### [Supplied material]
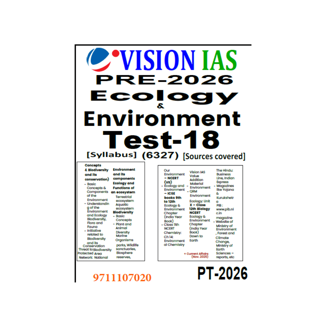 Vision IAS Prelims 2026 – Ecology & Environment Test-18 is a comprehensive practice test designed specifically for UPSC Civil Services Prelims 2026 aspirants. This test covers the complete Ecology and Environment syllabus, including biodiversity, ecosystems, environmental components, conservation initiatives, protected areas, climate change, and current environmental issues.
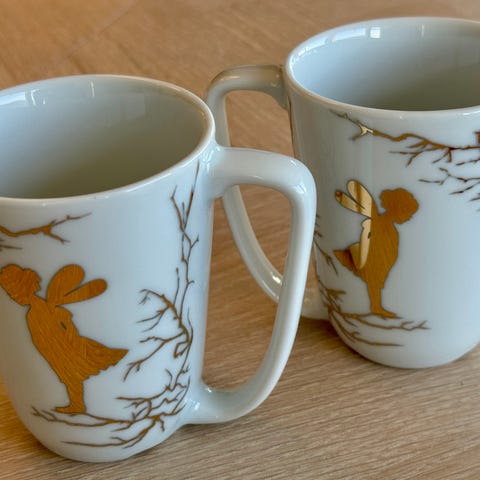 Selger 2 krus med fuglemotiv, gullkant og teksten «Alle fugler små de er». Diameter 6 cm, høyde 9 cm, altså litt mindre enn vanlige krus.
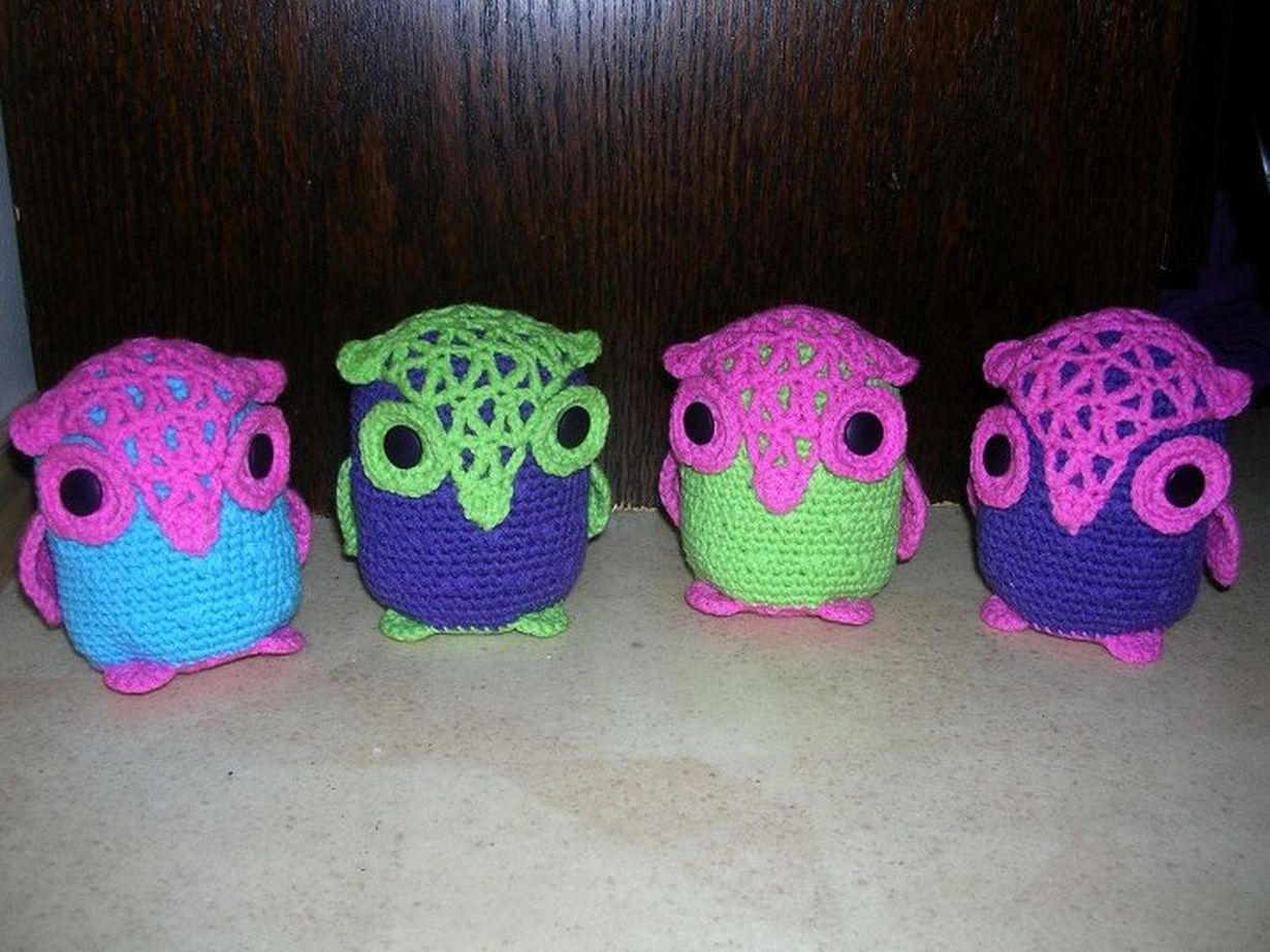 Kehitin oman virkkausohjeen pöllölle, kun en mistään mieleistä löytänyt. Novitan Miami-langoissa on juuri sopivan suloiset sävyt näille söpöläisille :)

### [Task brief]
Omit the pictures, then retype the remaining material without a single change.

### [Task response]
 Vision IAS Prelims 2026 – Ecology & Environment Test-18 is a comprehensive practice test designed specifically for UPSC Civil Services Prelims 2026 aspirants. This test covers the complete Ecology and Environment syllabus, including biodiversity, ecosystems, environmental components, conservation initiatives, protected areas, climate change, and current environmental issues.
 Selger 2 krus med fuglemotiv, gullkant og teksten «Alle fugler små de er». Diameter 6 cm, høyde 9 cm, altså litt mindre enn vanlige krus.
 Kehitin oman virkkausohjeen pöllölle, kun en mistään mieleistä löytänyt. Novitan Miami-langoissa on juuri sopivan suloiset sävyt näille söpöläisille :)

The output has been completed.